PROBLEM DESCRIPTION: Using the listing below, set down exactly the lines starting at the line that contains "Betty Woodman - The Summer House (2015)" and ending at the line that contains "先進的に取り組んでいる「富士", both included, and no others.

MATERIAL FOR THIS TASK:
· · · · ·

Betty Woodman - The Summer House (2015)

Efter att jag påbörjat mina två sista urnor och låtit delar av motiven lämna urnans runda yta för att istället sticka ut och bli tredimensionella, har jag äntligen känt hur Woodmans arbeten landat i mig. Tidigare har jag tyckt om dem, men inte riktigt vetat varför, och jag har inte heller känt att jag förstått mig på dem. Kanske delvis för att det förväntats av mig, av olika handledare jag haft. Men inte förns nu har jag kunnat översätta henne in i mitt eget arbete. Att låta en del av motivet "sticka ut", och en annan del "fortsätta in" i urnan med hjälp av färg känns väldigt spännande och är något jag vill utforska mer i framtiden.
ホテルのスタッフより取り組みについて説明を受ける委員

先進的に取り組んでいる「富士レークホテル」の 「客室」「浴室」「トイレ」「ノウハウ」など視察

· · · · ·

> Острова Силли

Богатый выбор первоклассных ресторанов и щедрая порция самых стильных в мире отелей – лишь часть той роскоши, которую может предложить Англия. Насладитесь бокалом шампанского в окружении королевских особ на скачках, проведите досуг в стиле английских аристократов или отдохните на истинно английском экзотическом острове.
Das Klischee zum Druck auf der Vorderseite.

· · · · ·

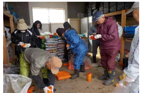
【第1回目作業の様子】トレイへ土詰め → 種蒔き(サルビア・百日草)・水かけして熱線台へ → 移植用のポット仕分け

· · · · ·

TASK OUTPUT:
Betty Woodman - The Summer House (2015)

Efter att jag påbörjat mina två sista urnor och låtit delar av motiven lämna urnans runda yta för att istället sticka ut och bli tredimensionella, har jag äntligen känt hur Woodmans arbeten landat i mig. Tidigare har jag tyckt om dem, men inte riktigt vetat varför, och jag har inte heller känt att jag förstått mig på dem. Kanske delvis för att det förväntats av mig, av olika handledare jag haft. Men inte förns nu har jag kunnat översätta henne in i mitt eget arbete. Att låta en del av motivet "sticka ut", och en annan del "fortsätta in" i urnan med hjälp av färg känns väldigt spännande och är något jag vill utforska mer i framtiden.
ホテルのスタッフより取り組みについて説明を受ける委員

先進的に取り組んでいる「富士レークホテル」の 「客室」「浴室」「トイレ」「ノウハウ」など視察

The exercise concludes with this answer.